城平京『名探偵に薔薇を』創元推理文庫 1998年

 「そんな安易な物語に全てを帰すな。因果,運命,そんなものに責任を負わせるな。そんなものを認めてどうする。人は因果や運命にくくられ,自らの意志,自らの努力,自らの足では未来は創れないというのか。・・・・私は――私は認めない。」(本書より)

 本書は2部構成になっています。
 「第1部 メルヘン小人地獄」は,マスコミに送られてきた不気味な童話『メルヘン小人地獄』,その猟奇的な内容を見立てたごとく起こる連続殺人事件。それは30年以上前につくられたという完璧な毒薬「小人地獄」がもたらした因果の結末なのか? 完全なアリバイを有する最有力容疑者に挑む,名探偵・瀬川みゆき・・・といった内容です。
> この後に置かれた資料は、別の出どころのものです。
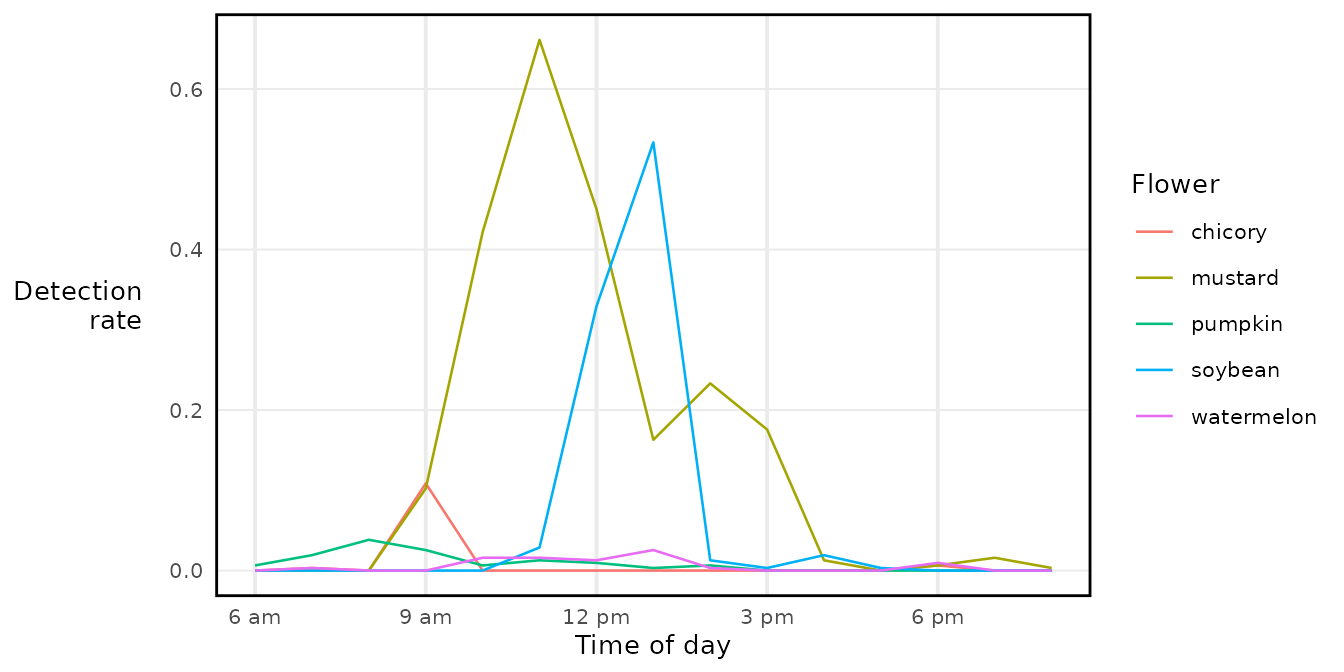 labs(x = 'Time of day', y = 'Detection\nrate', color = 'Flower') +

 おどろおどろしい因縁譚,猟奇的な見立て殺人,完璧なアリバイ,そしてそれらを鮮やかに解き明かす神のごとき名探偵。まさに往年の本格ミステリに対するオマージュに満ちたような作品です。文体もどこか大仰で,意識的に「そういった雰囲気」を出そうとしている気配が濃厚です。ですから謎解きはそれなりに楽しめましたものの,真相はあまりにオーソドックスという感じで,「あ〜あ,また例によってアナクロっぽい新本格か・・・」などと思っていました。
 ところが「第2部 毒杯パズル」になるとちょっと様子が変わります。舞台は「第1部」と同じ藤田家。定例のお茶会で,家庭教師の山中冬実が毒殺された。使われた毒は「小人地獄」。問題は誰が,何のために,ポットに毒を入れたのか? 解決を依頼された瀬川みゆきは,真相を見抜いたと確信するのだが・・・,というお話。
 文体も普通で(というのも変ですが),いったん明らかにされた“真相”の裏にもうひとつの“真相”が,さらにその背後に,ついでにその底に・・・,と「第1部」と違って,事態が二転三転する展開はスピーディです。そしてそれとともに瀬川みゆきが,なぜ名探偵であるのか? いやさ,真実を見いだすことにより,多くの関係者が傷つき,なにより瀬川自身が深い傷を負うにも関わらず,名探偵であり続けるのか? が語られます。
 たしかに「解説」で指摘されているように,第2部で明らかにされる「真相」は,前例のあるものなのかもしれません(わたし自身,似たような作品を最近読んだ記憶があります)。しかし,名探偵の存在理由と深く結びついた形で提示される第2部の「真相」は,新鮮な印象を与えるとともに,より深い余韻を味わせるものではないかと思います。
 また冒頭に挙げた言葉。ことさらに仰々しく,また因果に満ちた物語である「第1部」は,まさにカウンタとしてのこのセリフを引き出すためのものだったのかもしれません。それゆえ,「第1部」と「第2部」はコントラストが鮮やかで,そのコントラストゆえに「第2部」でのテーマ,おそらくは本書のテーマが生きてくるのではないでしょうか? この作者,なかなかのテクニシャンですね。